In de reeks ‘oude en jonge klassieken in tijden van corona’ schrijft Ben van Melick vandaag over Aanhalingen van Ad van Iterson.
Met het belangrijker worden van de couleur locale in de boeken van Ad van Iterson nam de aandacht voor zijn werk in de landelijke pers af. De zuiderse, gewone man en vrouw werd als ‘vreemd’ en te lokaal bevonden. Alsof de straat en carnaval alleen in satire-vorm acceptabel zijn.
Aanhalingen, een academische roman is het jongste boek van Ad van Iterson (Maastricht, 1952), het neemt een aparte plaats in zijn oeuvre in. De plaats van handeling is een jonge, middelgrote universiteit in Midden-Nederland. De schrijver is een wolf in schaapskleren, zijn roman een Tarnkappe. De faculteit waar de hoofdpersoon werkt is een kluwen van meten en rekenen. Wetenschappers rennen van het ene wetenschappelijke project naar het andere, moeten zelf fondsen werven en staan in een moordende concurrentie met elkaar. En dat gaat dus niet goed.
De hoofdpersoon, uitgeblust zakenman, loner en midden-dertig, is min of meer per ongeluk de universiteit binnengerold. Hij is een brok verlangen naar bevestiging, bij vrouwen, bij zijn collega’s, bij zijn superieuren. En hij is ambitieus, hij wil leiding geven, de baas worden, hoofddocent en nog hoger.

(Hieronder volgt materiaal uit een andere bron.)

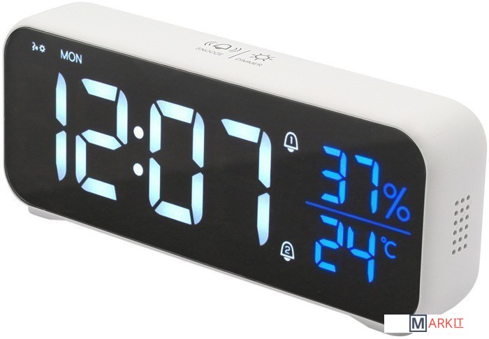 Особенности:— Современный дизайн— Возможность работы от аккумулятора/USB/сети— Яркие, заметные издали цифры— Регулируемая яркость— Запоминание настроек при отключении питания— Качественный приятный звук будильника— Встроенный термометр и гигрометр— USB-выход для зарядки гаджетов— Возможность настройки разных режимов будильника (будни/выходные)
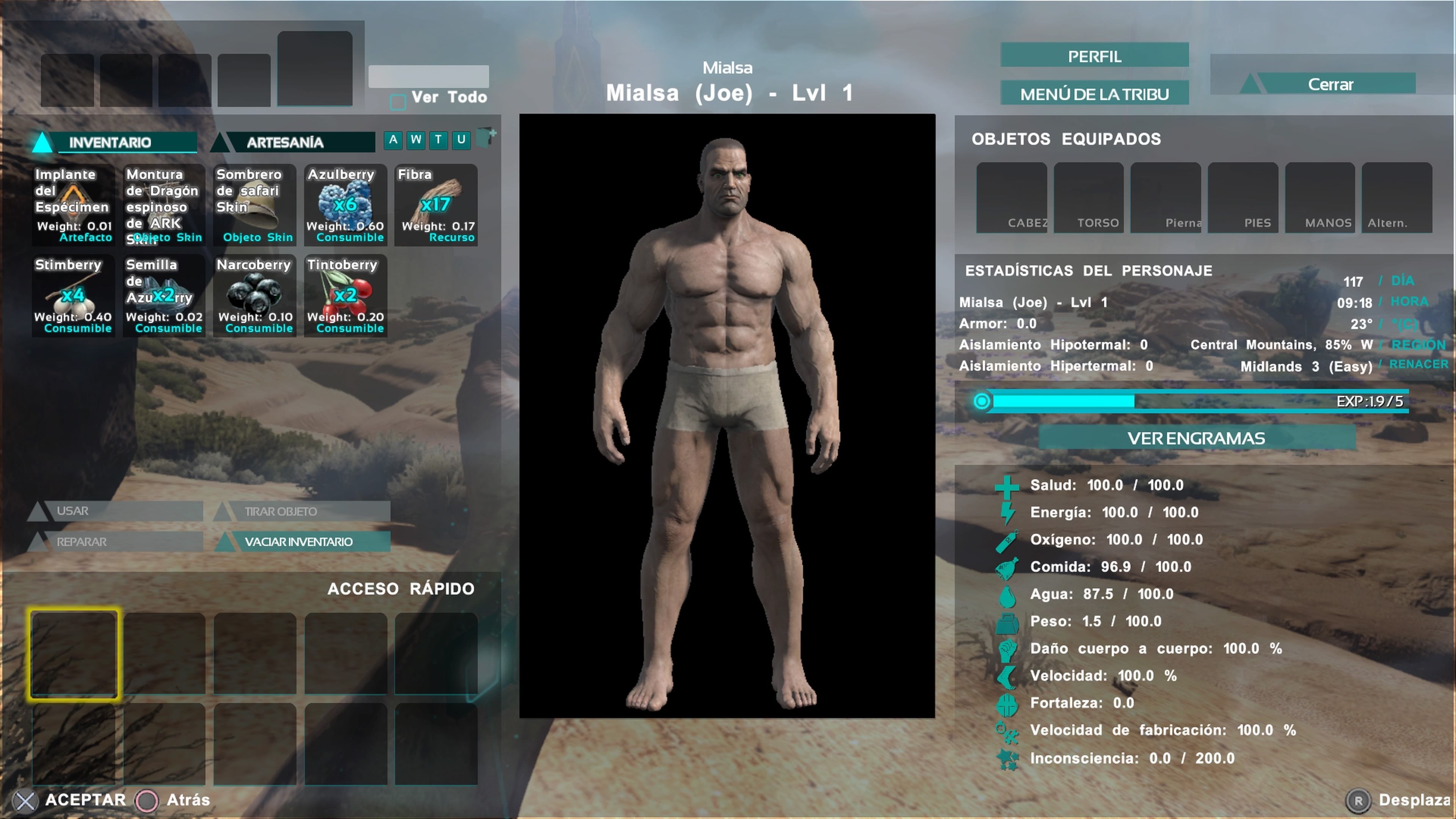 De esta forma, una vez configurada la apariencia física de nuestro avatar, comenzará la aventura. Lo primero que tendremos que hacer será recolectar materiales como madera, paja o piedra, que podremos almacenar en el inventario para posteriormente construir todo tipo de objetos y estructuras. Para ello, a medida que vayamos consiguiendo XP y subiendo de nivel, recibiremos EP (Enagram Points), que utilizaremos para desbloquear los objetos que más nos interesen. Una vez estén disponibles, y siempre que contemos con los materiales necesarios en el inventario, podremos crear lanzas, hachas, cantimploras o, por ejemplo, hogueras.

Aanhalingen is een genadeloze beschrijving van de mores in de verzakelijkte opvattingen over wetenschap, met name in de menswetenschappen. Van Iterson schetst een zoektocht naar de allergrootste databank ooit, die bijvoorbeeld alle variabelen van menselijke schoonheid in relatie tot andere persoonlijkheidskenmerken in tig-duizenden vragenlijsten en tabellen bevat.
De universiteit in kwestie is een glaspaleis waarin men elkaar voorspiegelt hoe wezenlijk is wat men onderzoekt en onderwijst. Het is gegoochel met tabellen, woorden, getallen. Lucht. Op grote internationale congressen worden varianten van dubieuze gegevens eindeloos rondgepompt, en verslag gedaan van nietszeggend onderzoek – allemaal onontbeerlijk voor de carrière.
Het boek schetst een wereld die doet denken aan Perlmann’s zwijgen (2007) van Pascal Mercier, al blijft Van Iterson de observerende socioloog die probeert te begrijpen hoe gedrags- en denksystemen werken en elkaar beïnvloeden.
Merciers protagonist is een taalwetenschapper in een existentiële crisis. De hoofdpersoon bij Van Iterson is eerder een Tijl Uilenspiegel, ondanks zichzelf. Door hem zie je de keizer zonder kleren. Dit is inderdaad een satire, een uitvergroting van de werkelijkheid die de essentie blootlegt die verborgen blijft voor de buitenstaander.
Aanhalingen, een academische roman komt wat stroef op gang maar blijkt al gauw een virtuoos in elkaar gestoken page turner vol stilistische hoogstandjes, rake observeringen en onvergetelijke zinnen als ‘een neus die leek op een spruitende aardappel waarvan de witte uitlopers ruw waren verwijderd.’
In een tijd van virale rampspoed vol statistieken, tabellen en afvlakkende curves komt een boek als Aanhalingen op het goede moment. Hier en daar moet je even je best doen, maar mag van een serieuze lezer worden verwacht.
Ad van Iterson. Aanhalingen. Uitgeverij Brooklyn.